Open weissi opened 2 years ago

weissi commented 2 years ago

ByteBuffer's get*/set* methods have a very niche use-case. In almost all cases, the users should use read*/write* or something like readableBytesView.

The key issues are stuff like buffer.getData(at: 0, length: 16). This will often work (because many ByteBuffers happen to have readerIndex == 0) but it won't always work.

Unfortunately the get* APIs are very prominent and new users are pretty much invited to use them because the read* APIs require a mutable ByteBuffer. So if you (which is common!) have an immutable one (say a function argument), then Xcode won't even complete the read* versions. So of course users use get* and then write wrong code.

I'm proposing a set of changes:

That would mean. All existing uses of buffer.get*(at: 0, length: ...) can without other changes be made buffer.peek*(length: ...). And the few uses of buffer.get*(at: nonZeroArgument) can use the specialised, scary sounding new methods.

vlm commented 2 years ago

+1

Lukasa commented 2 years ago

While I think these changes are reasonable, I'm not sure if they merit the churn of a deprecate/replace cycle. In particular, the fact that we cannot unilaterally recommend a single transformation for the get* methods means that each call site needs to be audited by hand for the appropriate replacement.

A quick search across the core NIO repositories (swift-nio, swift-nio-ssl, swift-nio-http2, swift-nio-extras, swift-nio-transport-services, swift-nio-ssh) reveals 530 call sites for these methods. Each of these call sites will need to be manually audited and rewritten to use the appropriate invocation.
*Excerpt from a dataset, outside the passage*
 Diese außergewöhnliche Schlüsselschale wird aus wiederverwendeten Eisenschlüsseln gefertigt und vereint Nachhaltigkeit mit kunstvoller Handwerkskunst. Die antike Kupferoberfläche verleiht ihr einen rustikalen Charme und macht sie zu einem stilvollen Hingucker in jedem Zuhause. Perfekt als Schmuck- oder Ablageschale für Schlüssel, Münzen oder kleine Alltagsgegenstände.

A related note is that it's not uncommon to declare methods like this as well, so this change has to propagate through the ecosystem. This forces some more churn there too: I count 35 such methods in the core NIO repos listed above.
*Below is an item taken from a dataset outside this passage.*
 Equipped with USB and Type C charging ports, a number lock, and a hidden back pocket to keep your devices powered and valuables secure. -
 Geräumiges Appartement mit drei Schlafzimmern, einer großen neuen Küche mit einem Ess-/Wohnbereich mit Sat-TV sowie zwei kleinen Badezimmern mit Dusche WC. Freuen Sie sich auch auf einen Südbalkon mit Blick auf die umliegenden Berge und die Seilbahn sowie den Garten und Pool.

None of this is the end of the world, but I think it does prompt the question of whether the downside of these APIs justifies the cost of migrating them. I don't have good numbers for how this affects repos outside the core NIO repo, so it's hard to be confident of what the total ecosystem churn is. The result is that I'm on the fence: this change produces a lot of work, but I'm not sure how much it helps.